See Marc Prensky

Marc PrenskyI guess that it’s a sign that I am still more teacher than business man, that I would laud, so enthusiastically, my competition. There are probably four or five ed tech conference keynote speakers who are on the A-list of people we all need to hear and see. It’s my aspiration to reach this list, but I found a new model to aspire to yesterday, a new A-lister, by watching Marc Prensky present at the New Directions conference in Flat Rock, North Carolina.

His main message was that our children, our students, are actually different people than the ones we think we are teaching. In other words, he defined an education gap between our classrooms and curriculum, and the real world of our children and their future. He expressed this point eloquently and compellingly, and he was a joy to watch.

Marc’s unique twist is gaming, not only the affects that gaming is having on our students and their culture, but also the place that gaming should be playing in how and what our children are learning. It’s a topic that I do not formally present. However, when opening discussions with educators about retooling classrooms for 21st century teaching and learning, video games is a topic that almost always comes up.

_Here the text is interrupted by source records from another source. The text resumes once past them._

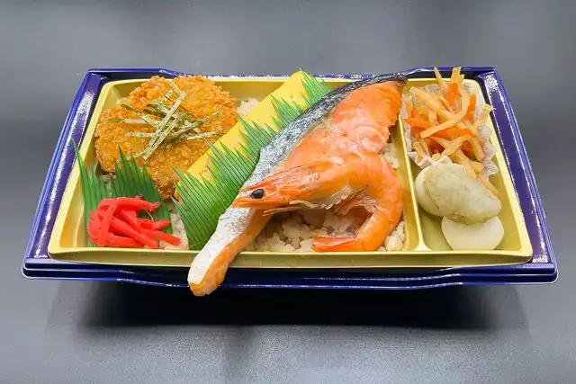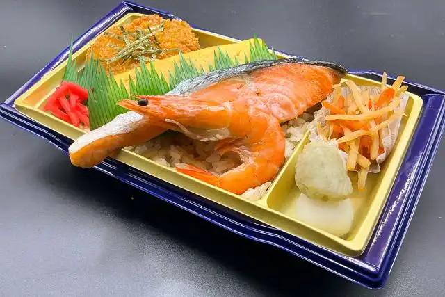 鮭の塩焼きとタレカツが際立つ、豪華なのっけ弁当です。
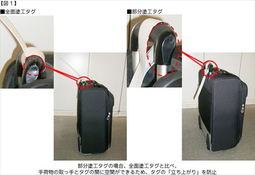 手荷物タグは通常、のりを裏面全面に塗布しているのに対し、新機能タグは一部のりを塗布しない領域を設けた部分塗工を初めて採用した(特許申請中)。タグ使用時は両端部分のみ貼り付くため手荷物の取っ手とタグの間に空間ができ、従来発生していた手荷物上方にタグがはみ出る「立ち上がり」現象を防ぐことができるのが特徴。
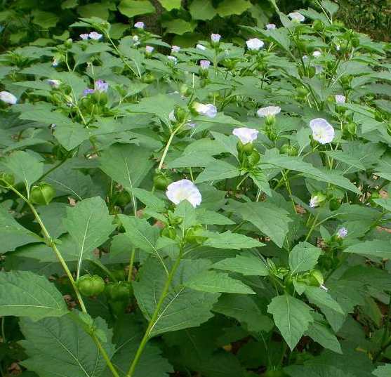 一年生草本,高50~80厘米。主根长锥形,有纤细的须根。茎棱状圆柱形,有4~5条纵沟,绿色,有时带紫色,上部三叉状分枝。单叶互生,草质,连叶柄长4~15厘米,宽1.5~7.5厘米,先端渐尖,基部阔楔形下延,边缘有不规则的锯齿且成皱波状,侧脉4~5对,上面凹陷,下面凸起。花单生于叶腋,淡紫色;花萼5深裂,裂片基部心形;花冠漏斗状,径约3厘米,花筒内面基部有5个紫斑。蒴果球形,径约2厘米,外包5个宿存萼片。种子小,淡褐色。花期夏季。秋季采收。
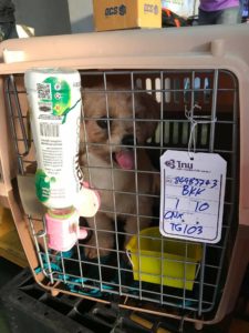 TODAY ZUMBA AND OLIVE LEFT THE PARK to soon start their new lifes with their new families! Zumba will be flying to Los Angeles and little Olive to Boston. We are very excited for both of them and can’t wait to hear updates! As always a thank you to Christine and James in Bangkok – without them our adoption program would not be possible and they always take such good care of the dogs in Bangkok. Also thanks to Jess who yet again had another very early morning start to accompany the dogs to the airport.
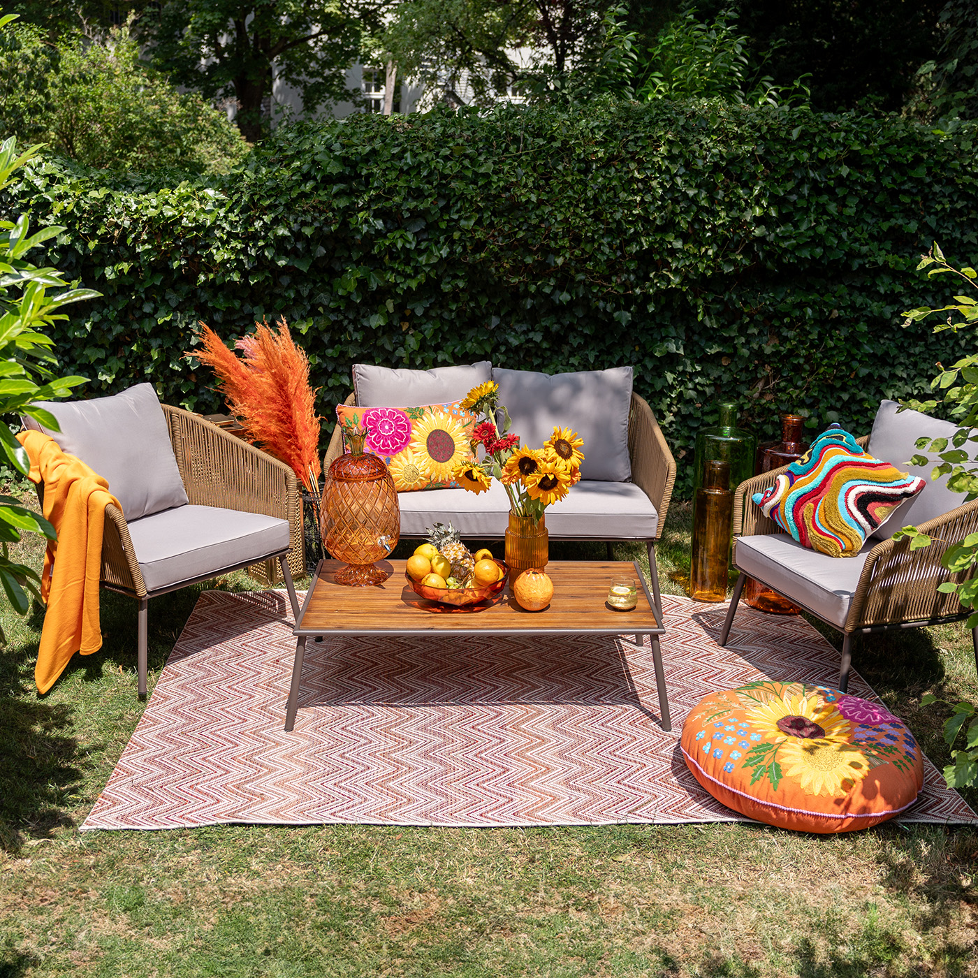 This rope-seated garden lounge consists of 2 armchairs and a 2-seater sofa to accommodate 4 people for a relaxing moment. The coffee table elegantly completes the ensemble.

It is an important part of our children’s culture, and it must also be part of their schooling if we are to remain relevant to our students.

One point that Prensky made was that we do not need to bring games into the classroom in order to integrate them into the learning process. Simply asking students to talk about their gaming and what they are learning, in the process, as they make decisions and achieve new levels of proficiency, may bring new learning experiences into the classroom.

Here are a few quotes from Prinsky’s slides as I madly took pictures while trying to blog the event (see yesterday’s entry, Bloggin’ in the Blue Ridge).

Quote from a high school student when comparing his challenges in the classroom compared to playing video games.

Whenever I go to school I have to “power down”.

Deborah Schwartz, at the Museum of Modern Art, says that when students encounter information, they want to put their own mark on the information. They want to remix, in order to make it personally valuable to them.

Alan Kay says that:

What’s different about the new technology is that it is programmable.

Marc made this point again yesterday as he sat in on my presentation on classroom blogging. We got off into a discussion of new literacy, and he added that information is also programmable. I agree. I tend to embed this concept into aspects of my “changing nature of information”, but he is right. This should be an explicit part of what and how we teach our children.

From a gaming 16 year old student.

I don’t want to study Rome in high school. Hell, I build Rome every day in my online game, Ceasar III.

Ok, so these kids do not need to learn about Rome? Why certainly they need to learn about Rome. But are there new ways to learn history that leverage our students need and skill at interacting with content? Should we be doing this now, or later? Tick tock! Tick tock!

I loved this one. These kids are not ADD. They are EOE.

Engage me
or
Enrage me!

I’m not sure if this was Mark Anderson the cartoonist, or Marc Andreessen, the inventor of Mosaic and Netscape, but someone said something pretty important here.

(Today’s learners) are no longer limited by their teachers’ ability and knowledge.

This is so true, from a high school student.

We have learned to “play school.” We study the right facts the night before the test so we achieve a passing grade and thus become a successful student.

Prensky then goes on to say that students are receiving their credentials in school. But they are learning their 21st century skills after school, playing video games.

I’m not going to share any more, because you need to see Prensky speak. High School teachers in the Raleigh area will see him later this month at the Hi5 event, and he’s going to turns some heads.

I’ll add one more thing. I tend to use Presentation slides to add audio visual emphasis to my message. I put very little text on my slides, and coach other presenters not to. Prensky uses a lot of text on his slides, but he does it very well. He places words in the slide in a way to implies intonation and accent. Very skillfully done.

Outstanding work, and a high-point of my week on the road, from this A-lister.

3 thoughts on “See Marc Prensky”

  1. I agree that Marc Prensky has many valid points to make about our kids in our schools and how they learn. I have just read two of his articles from his website “Digital Natives, Digital Immigrants” and the follow up “The Emerging Online Life of the Digital Native” and both made me think about how our schools need to shift in their presentation of materials.

    I believe it is quite true that “(Today’s learners) are no longer limited by their teachers’ ability and knowledge.” Having just come back from Alan November’s conference in Boston in July, I was really challenged about how we educate our students and how best to use the tools such as blogs to work with them in a medium that many have adapted ahead of us.

    Would love to hear the thoughts of others on this topic.

    John

  2. It is quite easy to tell someone else how and what to do, when we don’t have to actually do it ourselves. While todays “kids” are very adept at gaining access to information I fear that they are not as adept at applying it. There does remain many a situation in which there is not “instant gratification”, the virtual world can lead one to rely on receiving instant feedback from very little effort. Many real world endeavors do not operate that way. Food, Water, and shelter are not something that can be created virtually, and the capital to secure them is not going to appear from the monitor.